“But he is penitent.”
“How do you know? He can appear to be anything. He is a vile dissembler.”
“He has confessed to me that he is sorry for his misdeeds. He wishes to tell you so, and there are other things he desires you to know.”
“I do not trust him. He would be as bad as ever if he were strong and well.”
“That he will never be. Will you see him now?”
Alaine arose. They had lodged for the night in one of the ordinaries of the town. They would soon be starting upon the second stage of their journey.
The girl’s face was drawn and white as she followed Madam van der Deen to another room. She trembled and was hot by turns. This meeting that she had dreaded for weeks, that she had put off, and that Trynje had helped her to defer, must now come about.
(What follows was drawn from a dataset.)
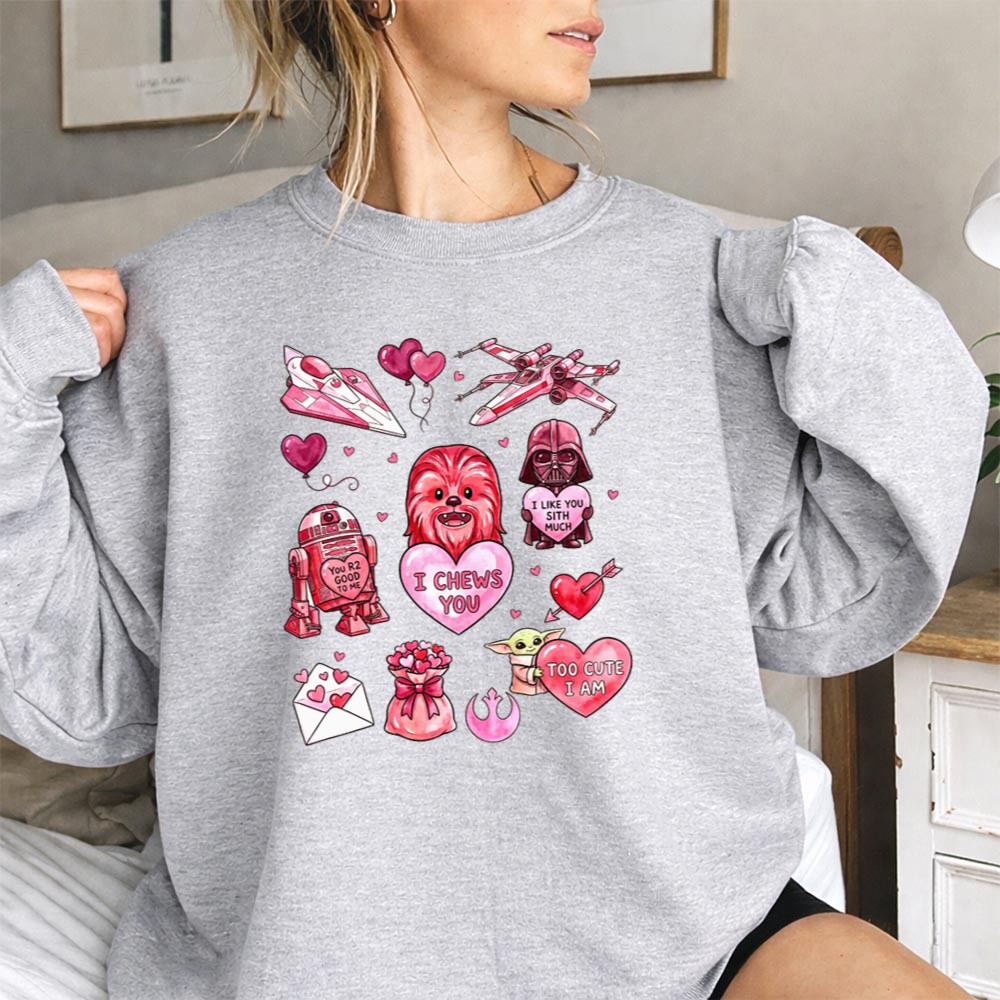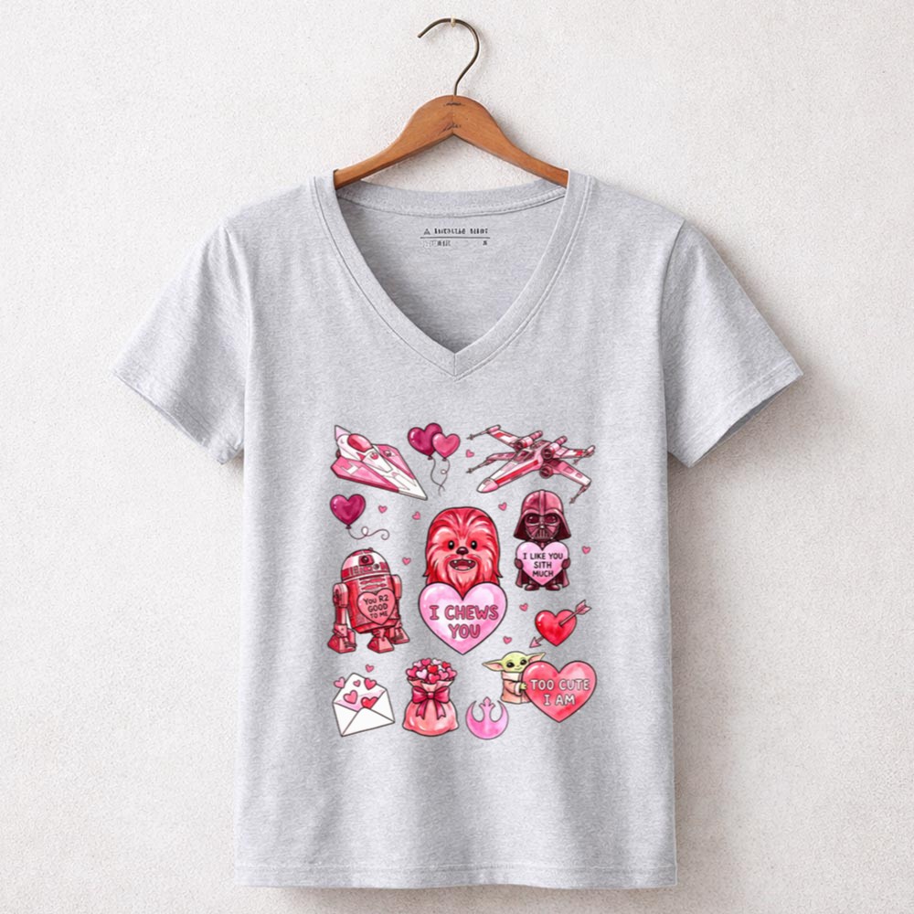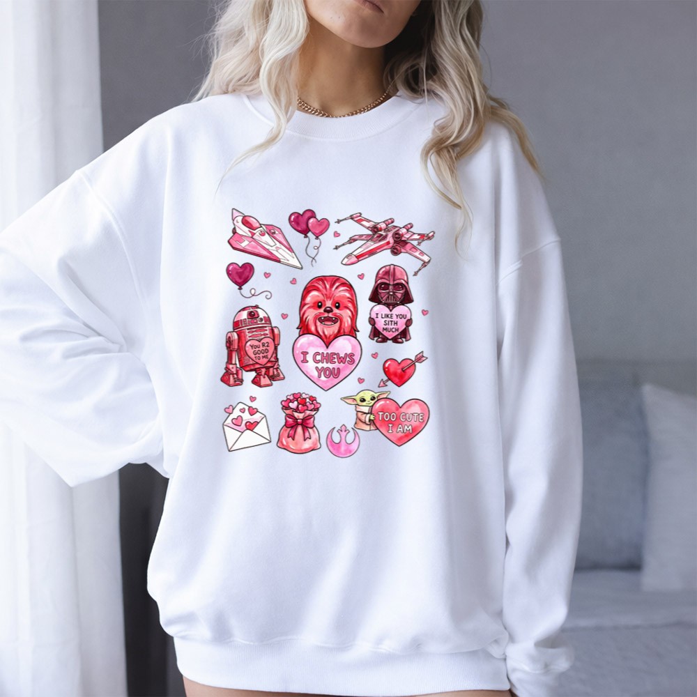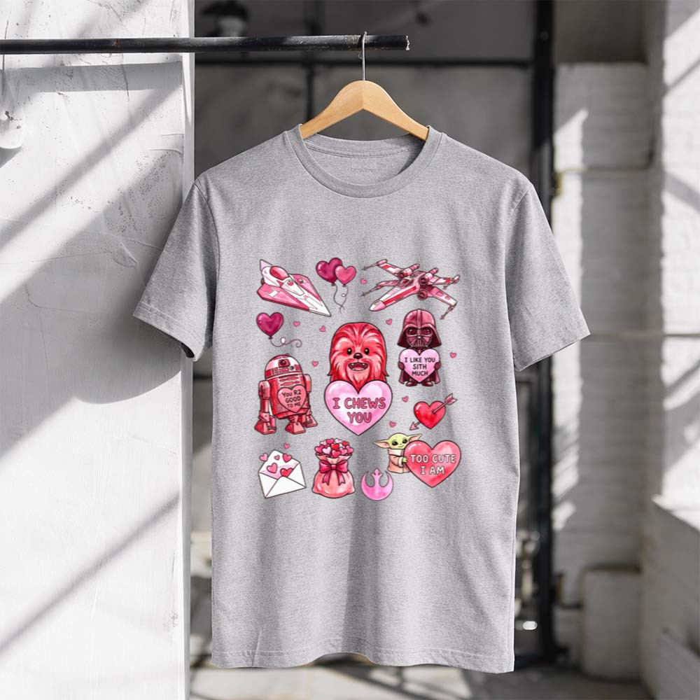This design captures the playful spirit of Valentine’s Day while celebrating the cherished bonds formed through the Star Wars saga. With Chewbacca, R2-D2, and Darth Vader coming together in a vibrant, cartoonish style, it warmly conveys affection and nostalgia, making it a delightful expression of love for both the galaxy and that special someone.

At Madam’s tap upon the door Adriaen opened it. The two women entered and the door closed behind them. Where the light from a window fell upon him François Dupont was propped up in his bed; he was waiting for them. He was so thin that his eyes seemed too large and deep set for so pale a face; his hands were like claws, and his lips were bloodless. At sight of his utter helplessness Alaine felt her first wave of pity, but she steeled herself against it.
He smiled as he saw her, and said, “At last, mademoiselle. I have long wanted to see you, and the fault of our not meeting is not mine. Will my good nurse give mademoiselle a chair?”
Adriaen understood, but Alaine refused to seat herself.